Discussion: What characteristics can be found in the Christian’s new nature?


The Light That Glorifies God—Matthew 5:13–16

From the inward nature of the Christ flows a light which cannot be hidden under a basket. We are the salt which never loses its taste. Christ had called upon His disciples to be, and to act, according to their new redeemed nature. Having been so blessed they are to present themselves as the salt and light to the world in which they live. If their salt has lost their flavor, “It is thenceforth good for nothing.” The oil of the lamp is that Christ like nature (Col. 3:10) given in the gift of salvation. The wick is that life which is lit with the light of the Spirit of Christ. Shall we hide it so that we even stumble in this world? Should we not show strength in time of crisis?
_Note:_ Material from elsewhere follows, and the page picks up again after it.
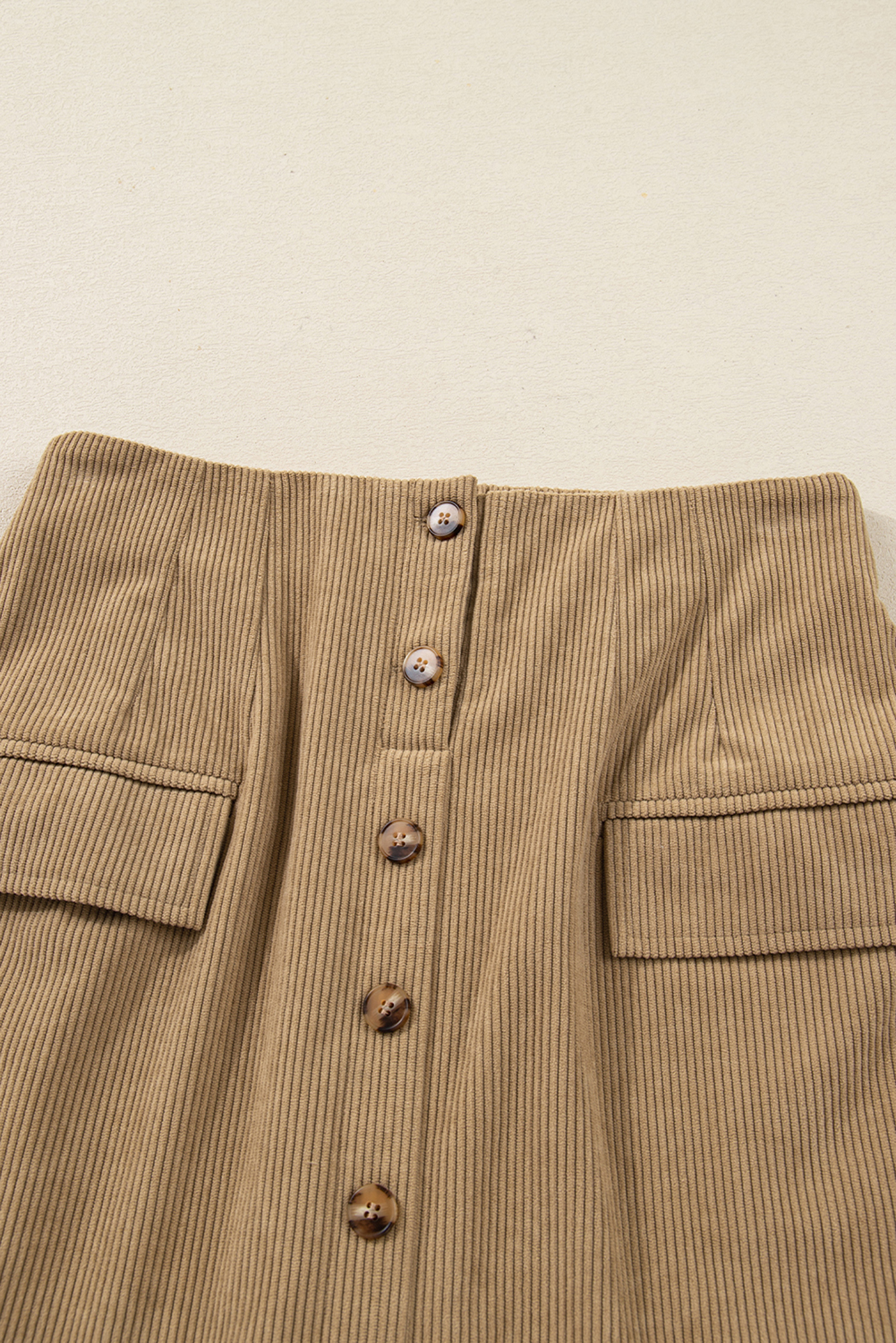 Meet Xiomara Front Faux Mini Skirt—effortless, flattering, and easy to style for everyday life. Classic corduroy fabric offers a vintage-inspired textured look. Buttoned front closure adds a chic, timeless detail. Faux pocket accents enhance a chic style. Mini skirt length is sexy and perfect for pairing with boots. skirts include corduroy styles for fall and winter options. Material: 100%Polyester.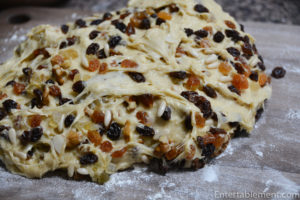 - Wash the dough hook and reattach it to the stand mixer. Transfer the dough to the mixer bowl and stir until deflated. Add all the raisins, candied citrus and nuts and mix to divide these evenly in the dough.

How do we know that we are being the salt and light in the world? What are we to do? Christ teaches us, “Let your light so shine before men, that they may see your good works, and glorify your Father which is in heaven.” To ‘glorify’ is to acknowledge, esteem, to recognize and honor the Father. Therefore to glorify the Father in our good works is to, by word and deed, show the Father as He is revealed, taught, in His Holy Scriptures; doing “all in the name (person) of the Lord Jesus, giving thanks to God and the Father by him” (Col. 3:17; 12–15).

Discussion: Why and how are we to be the salt and light of the world?